Understanding Cystic Fibrosis

Cystic fibrosis (CF) is an inherited disorder that can cause extensive damage to various organs, notably the lungs and digestive system. This condition impacts cells responsible for producing mucus, sweat, and digestive fluids, resulting in abnormal thickening of these secretions.

Effects of Cystic Fibrosis

In individuals with CF, thick and sticky secretions lead to blockages in the lungs, pancreas, and other bodily ducts. Despite being a progressive condition requiring daily management, individuals with CF can still lead relatively normal lives, attending school and work.

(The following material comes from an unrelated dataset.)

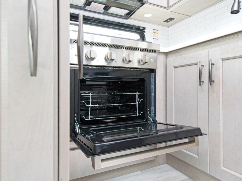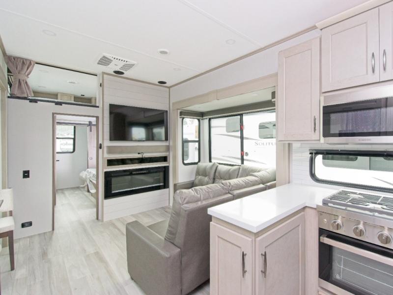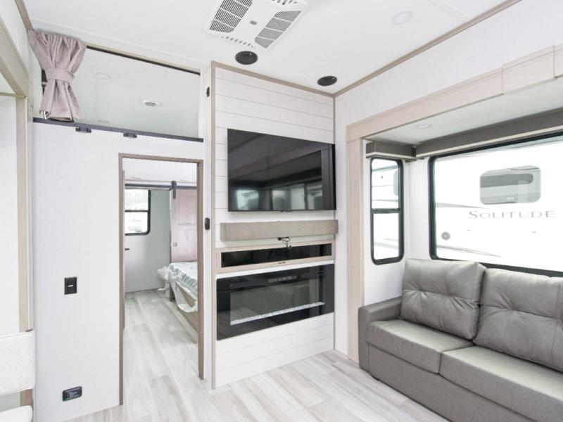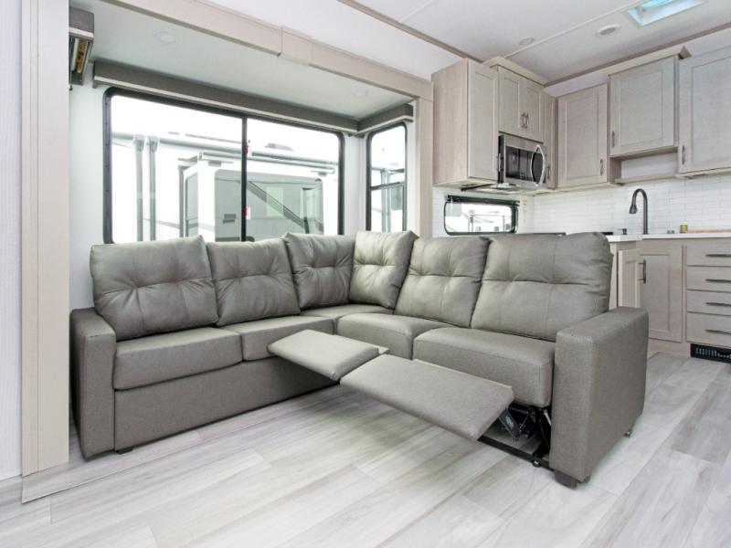 The main living area features dual opposing slides for a wide-open feel, complete with an L-shaped reclining sofa, free-standing dinette, and a cozy fireplace with entertainment center. The fully equipped kitchen includes generous counter space, a spice rack, pull-out pet dish, and modern appliances—making meal prep easy and enjoyable.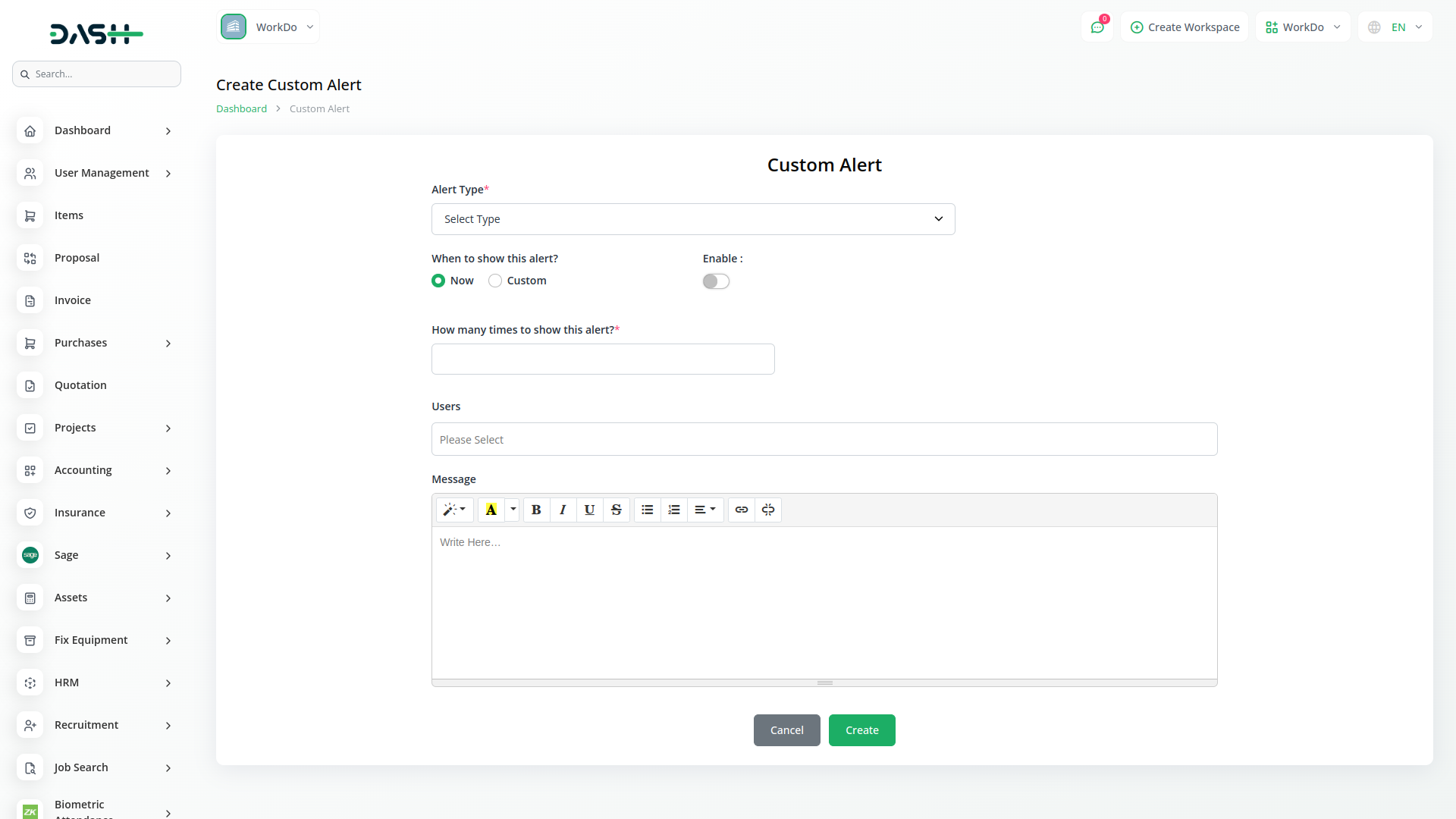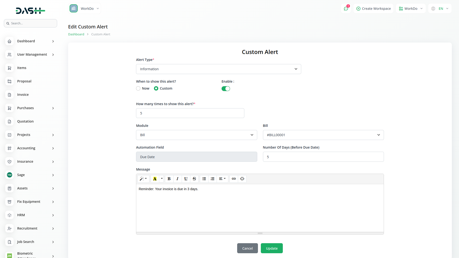 This Add-On lets you choose who sees the alert and when. Use the View Type setting to show the alert instantly or schedule it for a specific time and audience. You can link alerts to modules like General or Invoice. If Invoice is selected, you can choose a specific invoice to target. The alert is then shown only to users linked to that invoice, making your communication more focused and relevant.

Advances in Cystic Fibrosis Care

With advancements in screening and treatment, the quality of life for people with CF has significantly improved compared to previous generations. It's now possible for individuals with CF to live well into their mid-to-late 30s, 40s, and even 50s, highlighting the positive impact of medical progress in managing this condition.

What Are The Symptoms of Cystic Fibrosis?

Cystic fibrosis symptoms can vary depending on the severity of the disease, and they can change over time, even within the same person. Some people may not experience any symptoms until their teenage years or adulthood. Those who are diagnosed with the disease in adulthood usually have milder symptoms and are more likely to have atypical symptoms such as recurring bouts of pancreatitis, infertility, and pneumonia. One of the most common symptoms of cystic fibrosis is a higher-than-normal level of salt in sweat. Parents can usually taste the salt when they kiss their children. The respiratory system and digestive system are the most affected systems in people with cystic fibrosis.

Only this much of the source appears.